Yunus Emre’s divan found in Vatican archives
A new divan of Yunus Emre, one of the most important figures of Turkish-Islamic folk thought, has come to light in the digital inscriptions shared by the Vatican Library over the internet.
Himmet Büke, an academic from Mehmet Akif Ersoy University, identified a new divan, which contains nearly 200 poems, among the digital collections of Turkish manuscripts shared by the Vatican Library.
Büke shared his findings at the meeting of the International Yunus Emre and World Language Turkish Information Festival.

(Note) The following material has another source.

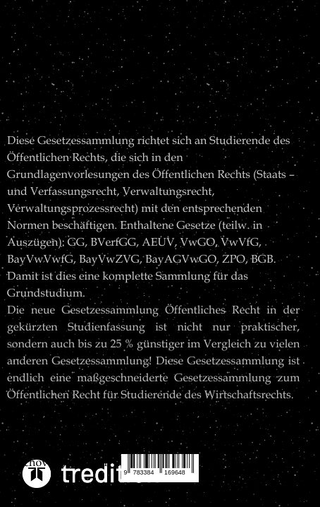 Diese Gesetzessammlung richtet sich an Studierende des Öffentlichen Rechts, die sich in den Grundlagenvorlesungen des Öffentlichen Rechts (Staats- und Verfassungsrecht, Verwaltungsrecht, Verwaltungsprozessrecht) mit den entsprechenden Normen beschäftigen. Enthaltene Gesetze (teilw. in Auszügen): GG, AEUV, VwGO, VwVfG, BayVwVfG, BayVwZVG, BayAGVwGO, ZPO, BGB. Damit ist dies eine komplette Sammlung für das Grundstudium. Die neue Gesetzessammlung Öffentliches Recht in der gekürzten Studienfassung ist nicht nur praktischer, sondern auch bis zu 25% günstiger im Vergleich zu vielen anderen Gesetzessammlungen! Diese Gesetzessammlung ist endlich eine massgeschneiderte Gesetzessammlung zum Öffentlichen Recht für Studierende des Wirtschaftsrechts. Ein individueller Begleiter auf dem Weg zum erfolgreichen Studium! Beinhaltet neben einer ausführlichen Einführung von Prof. Dr. iur Martin Wachovius auch ein umfangreiches Stichwortverzeichnis.

He stressed that the divan has not surfaced and has not been examined before.
Noting that the inscription was copied about 400 years ago, the academic stated that there were nearly 200 poems in the work consisting of 196 leaves.
“While the poems are compatible with the Old Anatolian Turkish, they also contain archaic elements,” Büke noted.
There are two works of Emre, “Risâletü’n-Nushiyye,” written in 1307, and “Divan,” composed of his poems compiled by his lovers after his death.
The great Sufi thinker and folk poet is considered one of the spiritual architects of Anatolia.
The year 2021 was declared by UNESCO as “the Yunus Emre Year” to commemorate the 750th birth anniversary of the great Turkish Muslim mystic.